The data:
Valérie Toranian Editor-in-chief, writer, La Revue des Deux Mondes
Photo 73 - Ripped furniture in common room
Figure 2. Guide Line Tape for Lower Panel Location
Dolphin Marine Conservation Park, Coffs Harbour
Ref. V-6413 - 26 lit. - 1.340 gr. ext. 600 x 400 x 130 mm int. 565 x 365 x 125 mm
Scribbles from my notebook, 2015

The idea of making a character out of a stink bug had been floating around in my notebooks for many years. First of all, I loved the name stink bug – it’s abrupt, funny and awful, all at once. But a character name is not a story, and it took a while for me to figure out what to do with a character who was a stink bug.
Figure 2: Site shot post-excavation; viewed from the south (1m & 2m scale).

--

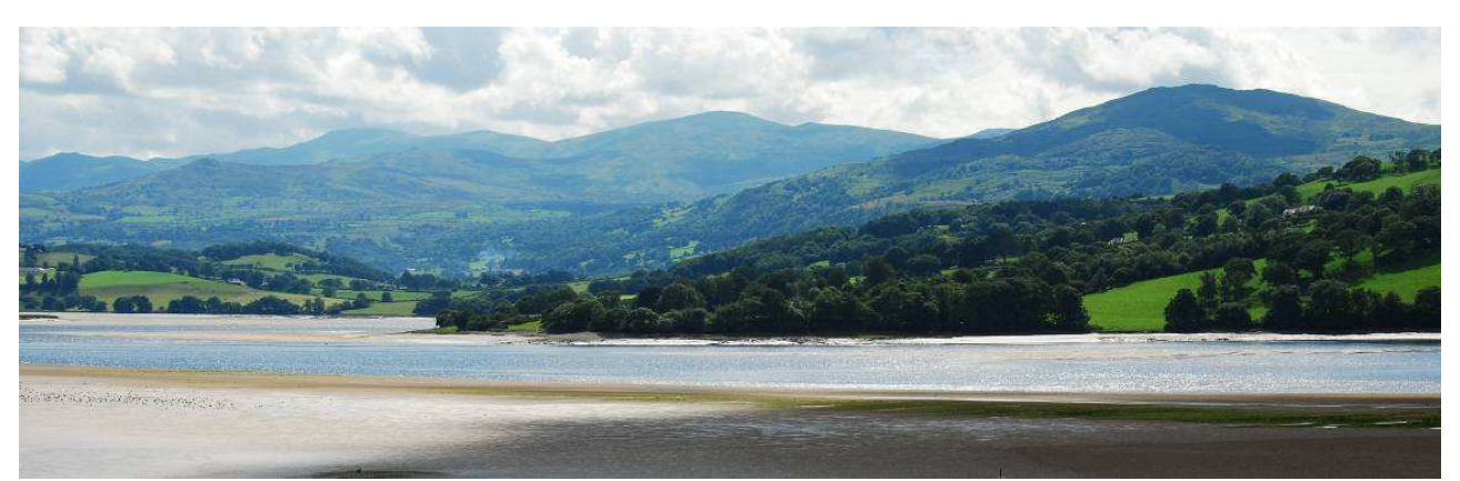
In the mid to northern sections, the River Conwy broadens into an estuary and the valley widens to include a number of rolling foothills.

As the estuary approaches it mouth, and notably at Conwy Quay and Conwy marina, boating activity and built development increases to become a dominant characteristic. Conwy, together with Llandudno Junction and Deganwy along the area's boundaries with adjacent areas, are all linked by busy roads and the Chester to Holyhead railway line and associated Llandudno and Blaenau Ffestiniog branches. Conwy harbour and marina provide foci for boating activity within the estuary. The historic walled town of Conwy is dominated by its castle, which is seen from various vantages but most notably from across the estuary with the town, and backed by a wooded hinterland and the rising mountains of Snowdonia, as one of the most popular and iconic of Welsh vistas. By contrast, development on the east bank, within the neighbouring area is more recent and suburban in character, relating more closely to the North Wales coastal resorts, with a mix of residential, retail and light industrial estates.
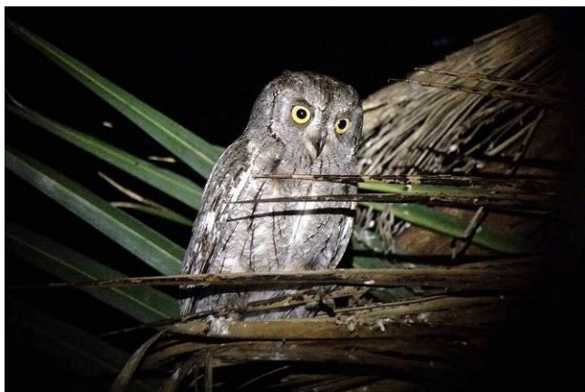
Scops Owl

--

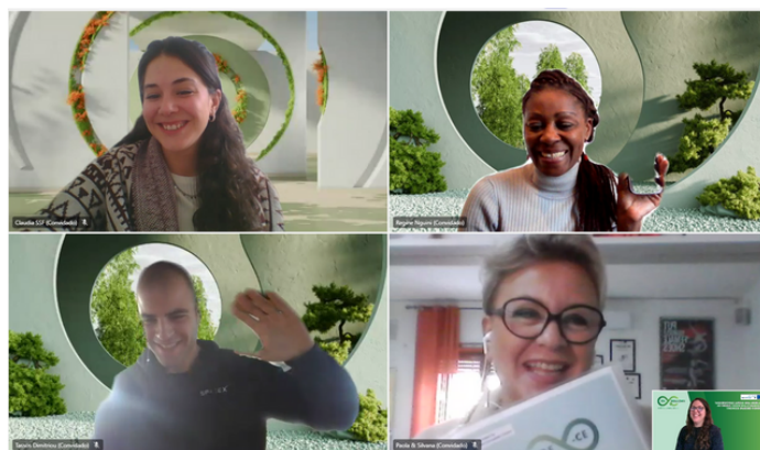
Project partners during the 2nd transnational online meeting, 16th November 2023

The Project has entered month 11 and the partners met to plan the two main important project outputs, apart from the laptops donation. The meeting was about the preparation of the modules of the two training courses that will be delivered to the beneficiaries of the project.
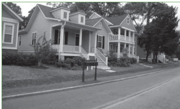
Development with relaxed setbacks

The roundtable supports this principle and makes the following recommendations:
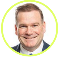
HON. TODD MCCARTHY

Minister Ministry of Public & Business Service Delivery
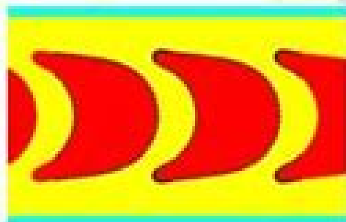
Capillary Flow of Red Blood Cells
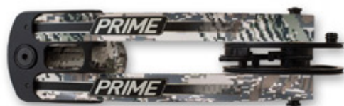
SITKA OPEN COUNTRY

What you are asked to do:
Using only the listing above, restate exactly the lines from the line containing "Dolphin Marine Conservation" through the line containing "Figure 2: Site", both included.

Task result:
Dolphin Marine Conservation Park, Coffs Harbour
Ref. V-6413 - 26 lit. - 1.340 gr. ext. 600 x 400 x 130 mm int. 565 x 365 x 125 mm
Scribbles from my notebook, 2015

The idea of making a character out of a stink bug had been floating around in my notebooks for many years. First of all, I loved the name stink bug – it’s abrupt, funny and awful, all at once. But a character name is not a story, and it took a while for me to figure out what to do with a character who was a stink bug.
Figure 2: Site shot post-excavation; viewed from the south (1m & 2m scale).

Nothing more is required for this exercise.